Items listed in a dataset:
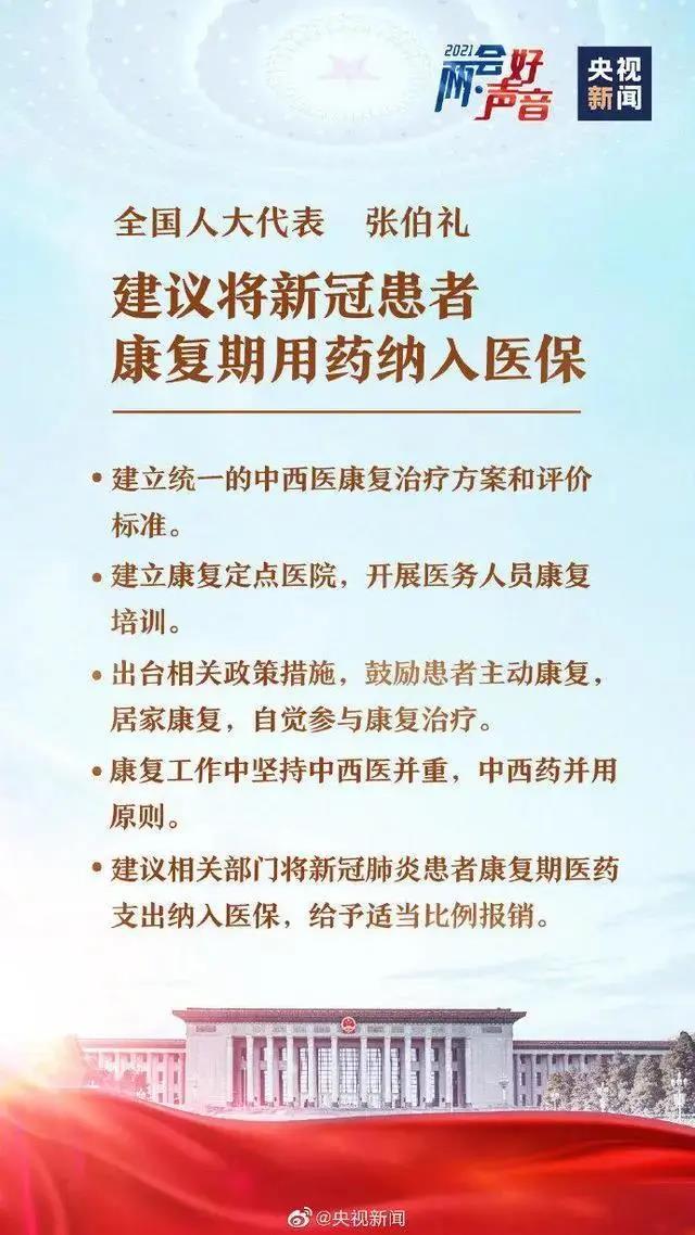 张伯礼表示,这次两会,他带来了新冠肺炎患者愈后康复问题的提案,新冠肺炎患者治愈后应该进行早期的、规范化、综合性康复,建议相关部门将新冠肺炎患者康复期医药支出纳入医保,给予适当比例报销。
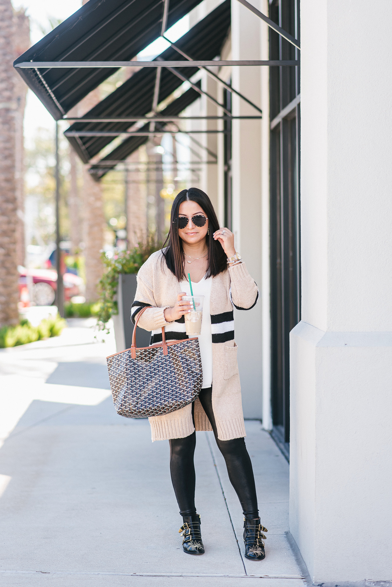 This might be one of my favorite fall looks from last year. It’s casual, comfortable but also polished. A great blazer will do that to an outfit. I also love that this palette is so simple with the subtle stripes peaking out from underneath the blazer.
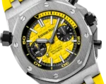 A summery bright yellow Oak Offshore. Blatant, refreshing, funky. Featuring the selfwinding Manufacture caliber 3124/3841 with a power reserve of 50 hours, 59 jewels and 21,600 vibrations/hour fitted into a 42 mm stainless steel case with sapphire crystal open caseback.
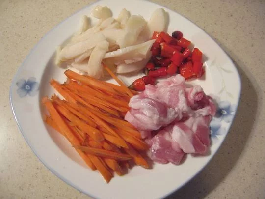 - 主要食材 瘦猪肉,竹笋,胡萝卜
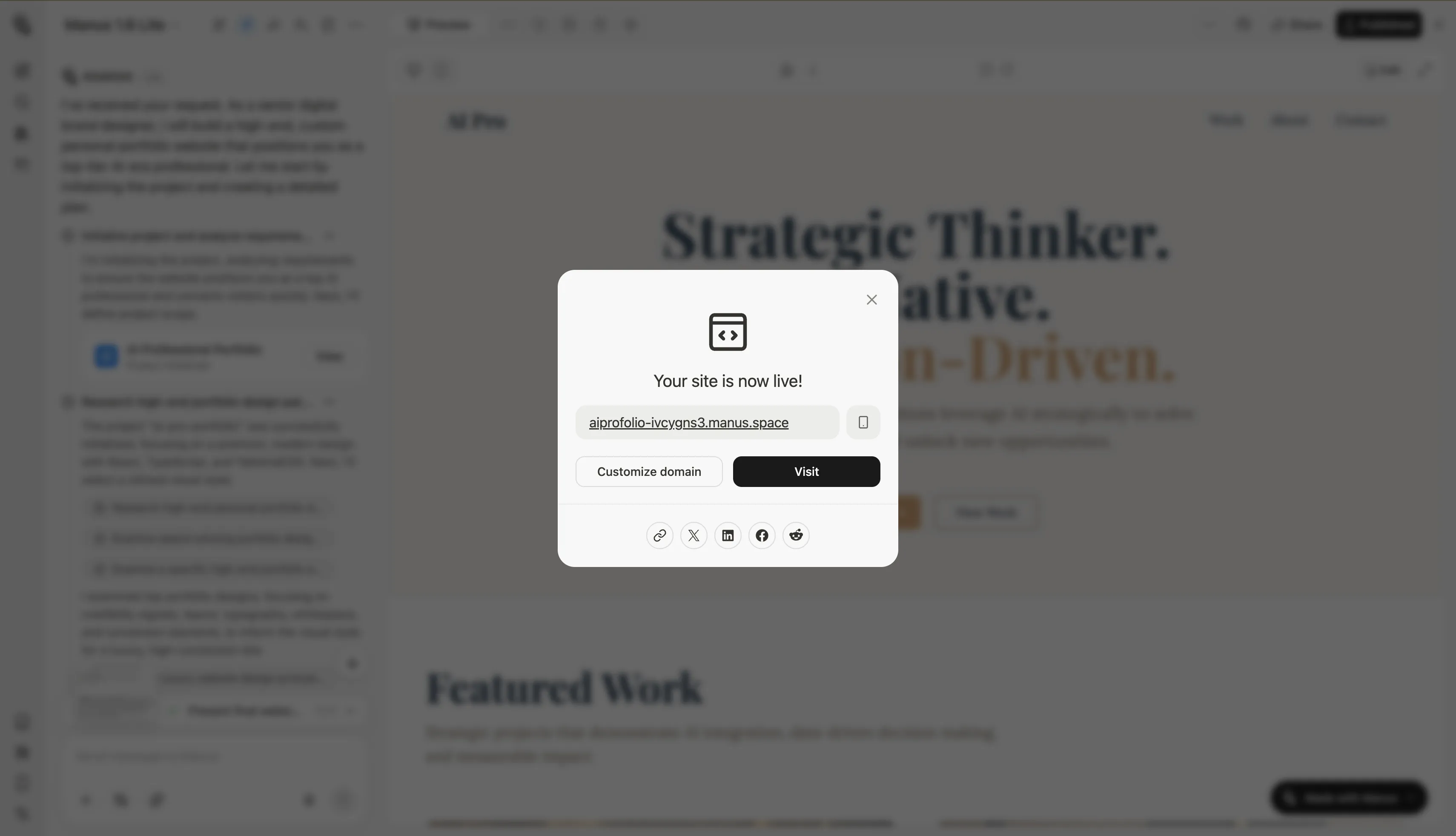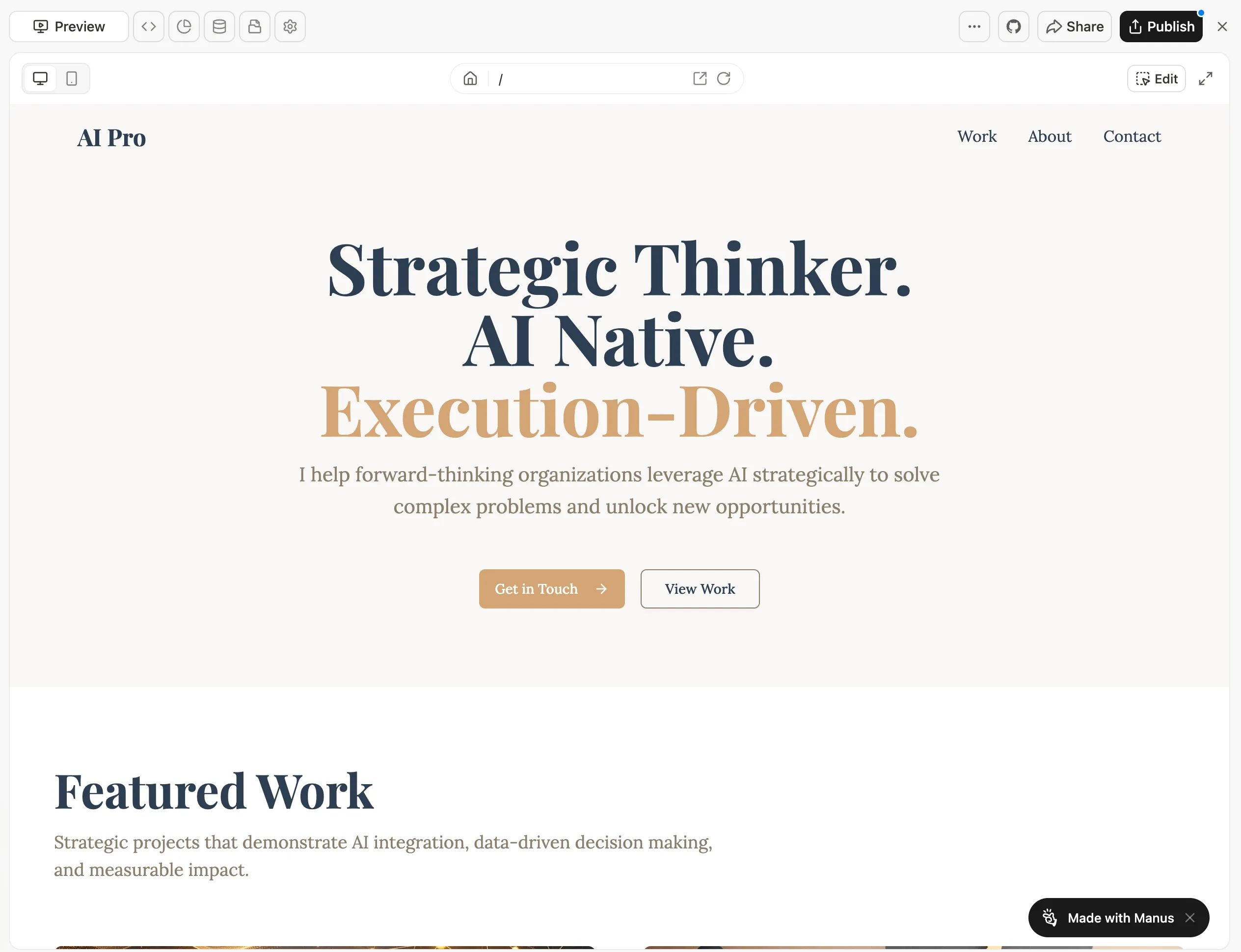 Free publishing is rare. Most tools require paid plans to connect custom domains. Manus stands out by including free publishing, eliminating the paywall between you and a live portfolio.

* [DIRECTIONS] Starting with the first line of the records above and stopping after the line containing "This might be", repeat every line exactly and leave out the pictures.

* [ANSWER]
 张伯礼表示,这次两会,他带来了新冠肺炎患者愈后康复问题的提案,新冠肺炎患者治愈后应该进行早期的、规范化、综合性康复,建议相关部门将新冠肺炎患者康复期医药支出纳入医保,给予适当比例报销。
 This might be one of my favorite fall looks from last year. It’s casual, comfortable but also polished. A great blazer will do that to an outfit. I also love that this palette is so simple with the subtle stripes peaking out from underneath the blazer.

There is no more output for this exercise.